Does the open-weights frontier break Western parity, or does it stop at it? Three Chinese labs cleared SWE-Bench Pro 56-58 in April. The next benchmark to watch is whether GLM-5.2 / K2.7 / M2.8 push past Opus 4.7 and DeepSeek V4-Pro on real long-horizon coding rather than aggregate eval scores.
Will the Microsoft–OpenAI reset formalise the “preferred customer, non-exclusive” model for the rest of the frontier? If Microsoft, Google, AWS, and Oracle all converge on hosting every frontier model, the platform thesis that drove the original $13B Azure-OpenAI bet evaporates. The cloud margins implied by that convergence are an open question.

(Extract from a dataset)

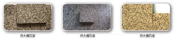 ●產品優勢 1、環保節能 可替代資源日趨稀少的寶貴石材,還能配合外墻外保溫材料進行專業和仿理石裝飾。 2、優異的抗龜裂性能 具有一定的柔韌性,使其能非常有效地遮蓋墻面上的細小裂紋,保持涂層牢固和光滑。 3、高仿真性 在色彩上模仿天然理石,視覺上可以以假亂真,達到巧奪天工,勝過天然的效果。 4、施工周期短 使用專業噴槍,一次成型,故可大大節省施工時間,縮短工期。 5、超強的自潔功能 可使建筑裝飾墻面常久如新。 6、耐清洗 抗刮痕 涂層具有優異的耐磨性和耐清洗性。自潔性能極好不粘灰塵。 7、超強耐候性 不論在普通環境下,還是在酸雨侵蝕等惡劣環境下,涂層都具有極強的適應力和抵抗力。使用壽命20年以上! 8、裝飾效果多樣 可采用平涂、砂壁中涂、真石漆、浮雕中涂等,同時選用高光、半光、啞光罩光漆來達到不同的裝飾效果。

Does π0.7-style compositional generalisation transfer to humanoid form factors at scale? Pi has now demonstrated cross-embodiment zero-shot. Apptronik’s commercial scale-up, the 1X NEO consumer launch, and Skild’s Zebra-powered warehouse stack are the three most credible places to test whether robotics foundation models survive real deployment.
What happens the first time a state actor uses a publicly available agent on a publicly available marketplace? Project Deal demonstrated 186 successful agent-to-agent transactions inside one office. A KellyBench-style adversarial deployment in actual derivatives or prediction markets is a question of months, not years, and the regulatory infrastructure is not ready.